_Task prompt_
For the material below, output exactly the span from the line with "A one of kind" to the line with "2025); citing Newspapers.com.", including both, and nothing besides.

_Given entries_
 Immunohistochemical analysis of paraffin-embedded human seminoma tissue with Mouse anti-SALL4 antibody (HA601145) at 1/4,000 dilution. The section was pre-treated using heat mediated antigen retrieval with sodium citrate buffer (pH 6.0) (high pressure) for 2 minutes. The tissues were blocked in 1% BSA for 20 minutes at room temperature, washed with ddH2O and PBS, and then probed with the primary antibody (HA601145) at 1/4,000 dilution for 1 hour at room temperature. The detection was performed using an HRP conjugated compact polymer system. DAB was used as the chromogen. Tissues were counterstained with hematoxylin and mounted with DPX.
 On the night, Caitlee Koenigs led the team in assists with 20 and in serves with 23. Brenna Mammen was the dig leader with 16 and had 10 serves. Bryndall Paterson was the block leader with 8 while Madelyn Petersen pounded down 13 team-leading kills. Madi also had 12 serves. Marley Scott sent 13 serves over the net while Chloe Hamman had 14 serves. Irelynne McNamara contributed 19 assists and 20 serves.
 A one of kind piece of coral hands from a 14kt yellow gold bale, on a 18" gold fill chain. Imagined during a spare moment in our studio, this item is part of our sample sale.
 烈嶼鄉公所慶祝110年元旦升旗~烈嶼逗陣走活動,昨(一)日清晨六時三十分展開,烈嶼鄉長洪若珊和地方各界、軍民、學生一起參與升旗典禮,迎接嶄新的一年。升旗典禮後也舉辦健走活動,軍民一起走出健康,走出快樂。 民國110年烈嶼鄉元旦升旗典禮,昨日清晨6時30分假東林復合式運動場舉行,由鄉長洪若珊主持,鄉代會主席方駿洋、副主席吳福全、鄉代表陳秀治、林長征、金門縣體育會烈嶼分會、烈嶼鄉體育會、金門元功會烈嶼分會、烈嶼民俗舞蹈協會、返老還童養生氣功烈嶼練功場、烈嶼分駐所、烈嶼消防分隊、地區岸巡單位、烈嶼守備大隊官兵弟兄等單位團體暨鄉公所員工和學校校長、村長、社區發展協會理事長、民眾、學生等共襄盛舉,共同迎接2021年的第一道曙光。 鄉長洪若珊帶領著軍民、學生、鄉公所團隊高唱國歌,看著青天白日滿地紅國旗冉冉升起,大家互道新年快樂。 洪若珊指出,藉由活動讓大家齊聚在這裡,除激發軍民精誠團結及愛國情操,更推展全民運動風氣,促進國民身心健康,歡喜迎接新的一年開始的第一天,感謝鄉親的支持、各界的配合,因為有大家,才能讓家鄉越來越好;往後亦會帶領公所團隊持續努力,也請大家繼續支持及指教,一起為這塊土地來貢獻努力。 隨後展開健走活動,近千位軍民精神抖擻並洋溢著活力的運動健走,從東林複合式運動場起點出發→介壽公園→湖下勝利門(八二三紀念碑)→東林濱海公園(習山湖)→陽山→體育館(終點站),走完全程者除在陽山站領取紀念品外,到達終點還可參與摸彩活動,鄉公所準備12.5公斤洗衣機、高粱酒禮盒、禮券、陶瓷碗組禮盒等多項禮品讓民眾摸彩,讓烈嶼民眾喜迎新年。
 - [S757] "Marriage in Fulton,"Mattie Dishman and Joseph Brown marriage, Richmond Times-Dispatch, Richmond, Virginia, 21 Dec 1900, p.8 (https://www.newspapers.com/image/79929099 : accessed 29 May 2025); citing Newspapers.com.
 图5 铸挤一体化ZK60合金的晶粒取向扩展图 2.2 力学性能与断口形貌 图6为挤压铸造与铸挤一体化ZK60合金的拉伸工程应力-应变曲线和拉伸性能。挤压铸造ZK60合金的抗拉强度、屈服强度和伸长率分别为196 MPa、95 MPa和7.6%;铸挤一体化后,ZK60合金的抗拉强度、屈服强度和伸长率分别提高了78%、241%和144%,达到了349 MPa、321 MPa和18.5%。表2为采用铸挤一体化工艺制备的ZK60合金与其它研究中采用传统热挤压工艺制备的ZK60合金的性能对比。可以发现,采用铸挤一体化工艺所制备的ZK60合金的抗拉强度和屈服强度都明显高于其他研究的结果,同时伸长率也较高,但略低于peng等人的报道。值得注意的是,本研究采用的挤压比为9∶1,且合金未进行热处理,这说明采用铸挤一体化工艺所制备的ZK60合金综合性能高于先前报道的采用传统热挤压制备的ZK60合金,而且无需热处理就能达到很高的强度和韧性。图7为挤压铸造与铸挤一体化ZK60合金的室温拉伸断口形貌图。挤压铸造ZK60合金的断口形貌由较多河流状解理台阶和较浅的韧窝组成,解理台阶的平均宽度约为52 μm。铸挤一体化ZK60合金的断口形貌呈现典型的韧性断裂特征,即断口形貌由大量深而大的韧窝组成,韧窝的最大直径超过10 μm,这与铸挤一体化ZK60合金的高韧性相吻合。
* * *
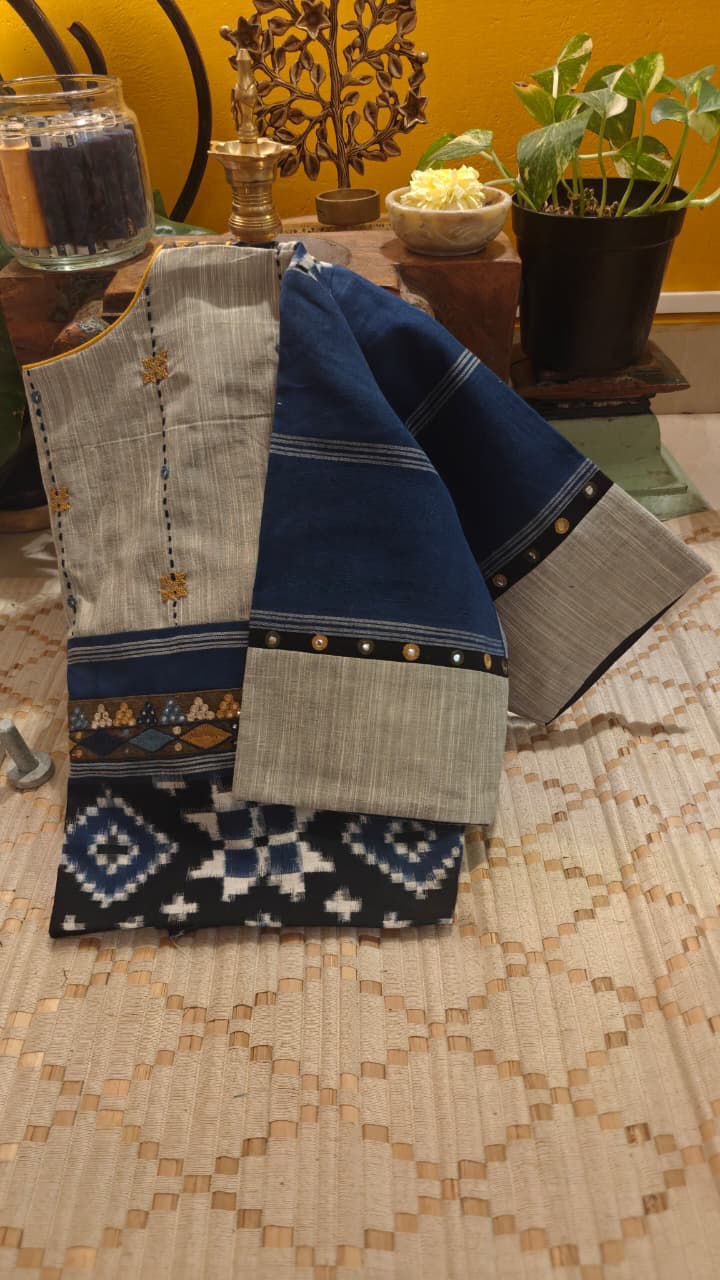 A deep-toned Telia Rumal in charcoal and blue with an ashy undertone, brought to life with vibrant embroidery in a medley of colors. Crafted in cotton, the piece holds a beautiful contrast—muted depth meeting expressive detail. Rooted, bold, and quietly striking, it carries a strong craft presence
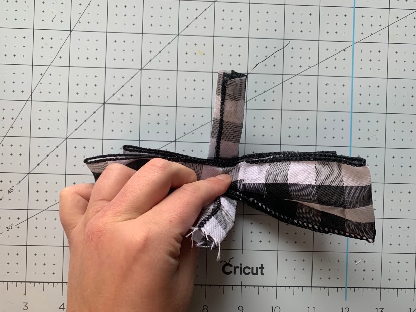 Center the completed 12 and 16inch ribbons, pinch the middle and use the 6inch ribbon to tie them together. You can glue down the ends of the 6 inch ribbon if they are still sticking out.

_Your response_
 A one of kind piece of coral hands from a 14kt yellow gold bale, on a 18" gold fill chain. Imagined during a spare moment in our studio, this item is part of our sample sale.
 烈嶼鄉公所慶祝110年元旦升旗~烈嶼逗陣走活動,昨(一)日清晨六時三十分展開,烈嶼鄉長洪若珊和地方各界、軍民、學生一起參與升旗典禮,迎接嶄新的一年。升旗典禮後也舉辦健走活動,軍民一起走出健康,走出快樂。 民國110年烈嶼鄉元旦升旗典禮,昨日清晨6時30分假東林復合式運動場舉行,由鄉長洪若珊主持,鄉代會主席方駿洋、副主席吳福全、鄉代表陳秀治、林長征、金門縣體育會烈嶼分會、烈嶼鄉體育會、金門元功會烈嶼分會、烈嶼民俗舞蹈協會、返老還童養生氣功烈嶼練功場、烈嶼分駐所、烈嶼消防分隊、地區岸巡單位、烈嶼守備大隊官兵弟兄等單位團體暨鄉公所員工和學校校長、村長、社區發展協會理事長、民眾、學生等共襄盛舉,共同迎接2021年的第一道曙光。 鄉長洪若珊帶領著軍民、學生、鄉公所團隊高唱國歌,看著青天白日滿地紅國旗冉冉升起,大家互道新年快樂。 洪若珊指出,藉由活動讓大家齊聚在這裡,除激發軍民精誠團結及愛國情操,更推展全民運動風氣,促進國民身心健康,歡喜迎接新的一年開始的第一天,感謝鄉親的支持、各界的配合,因為有大家,才能讓家鄉越來越好;往後亦會帶領公所團隊持續努力,也請大家繼續支持及指教,一起為這塊土地來貢獻努力。 隨後展開健走活動,近千位軍民精神抖擻並洋溢著活力的運動健走,從東林複合式運動場起點出發→介壽公園→湖下勝利門(八二三紀念碑)→東林濱海公園(習山湖)→陽山→體育館(終點站),走完全程者除在陽山站領取紀念品外,到達終點還可參與摸彩活動,鄉公所準備12.5公斤洗衣機、高粱酒禮盒、禮券、陶瓷碗組禮盒等多項禮品讓民眾摸彩,讓烈嶼民眾喜迎新年。
 - [S757] "Marriage in Fulton,"Mattie Dishman and Joseph Brown marriage, Richmond Times-Dispatch, Richmond, Virginia, 21 Dec 1900, p.8 (https://www.newspapers.com/image/79929099 : accessed 29 May 2025); citing Newspapers.com.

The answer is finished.